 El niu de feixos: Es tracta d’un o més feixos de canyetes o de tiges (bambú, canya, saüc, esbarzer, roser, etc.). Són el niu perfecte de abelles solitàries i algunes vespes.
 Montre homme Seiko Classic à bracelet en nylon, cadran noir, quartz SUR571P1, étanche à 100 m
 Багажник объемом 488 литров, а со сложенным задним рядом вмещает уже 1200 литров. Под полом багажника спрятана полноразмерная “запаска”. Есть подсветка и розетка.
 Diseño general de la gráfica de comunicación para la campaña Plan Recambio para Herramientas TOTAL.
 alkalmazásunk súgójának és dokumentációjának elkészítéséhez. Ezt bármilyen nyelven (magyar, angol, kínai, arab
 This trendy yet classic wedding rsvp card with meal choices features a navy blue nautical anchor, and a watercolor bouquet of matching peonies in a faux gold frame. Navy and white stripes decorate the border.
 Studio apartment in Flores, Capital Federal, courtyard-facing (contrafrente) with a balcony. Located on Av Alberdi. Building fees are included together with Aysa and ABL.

· · ·

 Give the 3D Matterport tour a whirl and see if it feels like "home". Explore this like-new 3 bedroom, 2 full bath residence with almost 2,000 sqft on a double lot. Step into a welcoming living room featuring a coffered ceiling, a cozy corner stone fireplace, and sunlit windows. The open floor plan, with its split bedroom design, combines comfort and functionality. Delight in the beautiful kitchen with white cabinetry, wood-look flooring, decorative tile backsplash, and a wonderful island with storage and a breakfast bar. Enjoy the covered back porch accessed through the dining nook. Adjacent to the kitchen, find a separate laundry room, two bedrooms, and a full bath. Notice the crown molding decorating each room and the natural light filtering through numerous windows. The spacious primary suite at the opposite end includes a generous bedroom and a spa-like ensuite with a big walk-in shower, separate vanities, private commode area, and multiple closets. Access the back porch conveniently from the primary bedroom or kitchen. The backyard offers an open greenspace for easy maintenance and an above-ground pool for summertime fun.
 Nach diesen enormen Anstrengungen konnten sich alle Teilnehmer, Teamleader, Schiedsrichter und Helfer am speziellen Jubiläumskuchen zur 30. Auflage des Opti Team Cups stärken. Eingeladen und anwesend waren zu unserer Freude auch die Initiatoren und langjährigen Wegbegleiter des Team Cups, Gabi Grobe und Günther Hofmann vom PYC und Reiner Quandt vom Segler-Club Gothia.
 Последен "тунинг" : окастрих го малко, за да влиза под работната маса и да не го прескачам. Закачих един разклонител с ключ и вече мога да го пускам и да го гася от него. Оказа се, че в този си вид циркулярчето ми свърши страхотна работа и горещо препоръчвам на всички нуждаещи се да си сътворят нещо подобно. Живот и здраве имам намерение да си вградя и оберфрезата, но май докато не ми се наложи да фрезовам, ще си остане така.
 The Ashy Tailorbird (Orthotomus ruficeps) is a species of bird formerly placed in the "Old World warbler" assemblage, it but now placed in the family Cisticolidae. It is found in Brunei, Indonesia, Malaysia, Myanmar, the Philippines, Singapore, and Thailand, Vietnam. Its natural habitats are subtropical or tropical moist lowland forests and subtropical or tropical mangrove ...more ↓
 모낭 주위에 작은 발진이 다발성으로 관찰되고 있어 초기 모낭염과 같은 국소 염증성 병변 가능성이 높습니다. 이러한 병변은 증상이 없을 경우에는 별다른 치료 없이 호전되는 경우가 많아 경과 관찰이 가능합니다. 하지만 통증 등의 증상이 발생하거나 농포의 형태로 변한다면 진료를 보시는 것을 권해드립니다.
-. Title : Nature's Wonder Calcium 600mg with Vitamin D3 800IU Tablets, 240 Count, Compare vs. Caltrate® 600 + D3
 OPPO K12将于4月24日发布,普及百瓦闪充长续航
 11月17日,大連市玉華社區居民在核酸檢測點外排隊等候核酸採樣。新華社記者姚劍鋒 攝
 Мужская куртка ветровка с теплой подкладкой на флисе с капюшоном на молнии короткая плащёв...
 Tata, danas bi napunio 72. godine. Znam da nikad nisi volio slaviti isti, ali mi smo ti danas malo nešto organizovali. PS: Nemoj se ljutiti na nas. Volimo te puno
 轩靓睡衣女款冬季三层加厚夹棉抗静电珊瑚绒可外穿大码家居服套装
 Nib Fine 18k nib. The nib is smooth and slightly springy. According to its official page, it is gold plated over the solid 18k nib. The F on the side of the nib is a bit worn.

· · ·

- _Work task_
Start with the line above that contains "-. Title : Nature's" and stop after the line that contains "Nib Fine 18k". Output those lines exactly, and only those.

- _Response box_
-. Title : Nature's Wonder Calcium 600mg with Vitamin D3 800IU Tablets, 240 Count, Compare vs. Caltrate® 600 + D3
 OPPO K12将于4月24日发布,普及百瓦闪充长续航
 11月17日,大連市玉華社區居民在核酸檢測點外排隊等候核酸採樣。新華社記者姚劍鋒 攝
 Мужская куртка ветровка с теплой подкладкой на флисе с капюшоном на молнии короткая плащёв...
 Tata, danas bi napunio 72. godine. Znam da nikad nisi volio slaviti isti, ali mi smo ti danas malo nešto organizovali. PS: Nemoj se ljutiti na nas. Volimo te puno
 轩靓睡衣女款冬季三层加厚夹棉抗静电珊瑚绒可外穿大码家居服套装
 Nib Fine 18k nib. The nib is smooth and slightly springy. According to its official page, it is gold plated over the solid 18k nib. The F on the side of the nib is a bit worn.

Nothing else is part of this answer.